Sostuvo que el progenitor había firmado una
autorización de viaje a favor de la madre de los menores, para que la misma
trasladara a los niños a Argentina por el plazo de un año debiendo los menores
regresar a Alemania en el mes de agosto de 2010 (v. fs. 5 del exhorto).
El 3 de febrero de 2011, el tribunal actuante
dictó sentencia y ordenó que se haga lugar a la restitución solicitada, a fin
de que los niños J. G. y J. D. R. sean restituidos a su lugar de residencia
habitual (fs. 97/98 del exhorto).
La sentencia adquirió firmeza y las partes, el 11
de febrero de 2011, arribaron a un acuerdo en el cual el señor R. manifestó que
se trasladaría a Alemania en el mes de julio de 2011 -ya que se encontraba
habitando en este país- y convinieron que hasta dicha fecha la tenencia
provisoria de los menores sería para la madre con un régimen de visitas amplio
a favor del padre (v. fs. 100 y 104 del exhorto).
Con fecha 25 de abril de 2011 se presentó la
señora Z. requiriendo una medida cautelar de protección de persona a favor de
sus hijos J. y J. a fin de que se suspenda la mentada orden de restitución.
Fundó su petición, fundamentalmente, en el hecho de que los niños no querían
regresar a Alemania y pidió que sean oídos por el tribunal.
El 31 de mayo del mismo año se celebró audiencia
con los menores quienes manifestaron que no deseaban volver a vivir en Alemania
(fs. 19).
La asesora de incapaces, doctora María Luján
Rodríguez Villar, propuso en su dictamen que se haga lugar a la medida cautelar
solicitada (fs. 24/28). A continuación, el juez de trámite dictó resolución
suspendiendo la orden de restitución a la República de Alemania (fs. 29/31).
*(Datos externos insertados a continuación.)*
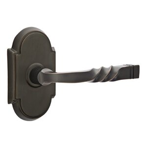 Brass Designer Levers Collection - Passage Right Handed Sante Fe Lever With #8 Rose in Oil Rubbed Bronze by Emtek Hardware - 8108238SFRHUS10B | MyKnobs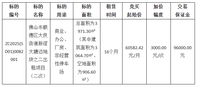 佛山市顺德区大良德良物业管理公司采用网上竞价方式出租位于佛山市顺德区大良街道新滘大塘边地块之二,欢迎符合资格的竞买人参与竞价。

Ante el recurso de reconsideración planteado por
el actor (en el que señala que el decisorio apelado soslaya una resolución de
restitución consentida por la madre de los niños y por el Ministerio Pupilar,
que se encuentra firme) el tribunal en pleno revocó el pronunciamiento y
dispuso que se haga efectivo lo resuelto oportunamente en el marco del exhorto
809 (fs. 70/79 vta.).
2. El tribunal fundó su decisión en que:
a. Si bien el traslado de los niños a Argentina
fue lícito, “la ilicitud no sólo se configuró sino que con la retención
posteriormente se agravó, puesto que la progenitora había consentido que los
niños volvieran a Alemania y aceptado que se someterían a esa jurisdicción por
ser la residencia habitual y permanente de los mismos” (fs. 75).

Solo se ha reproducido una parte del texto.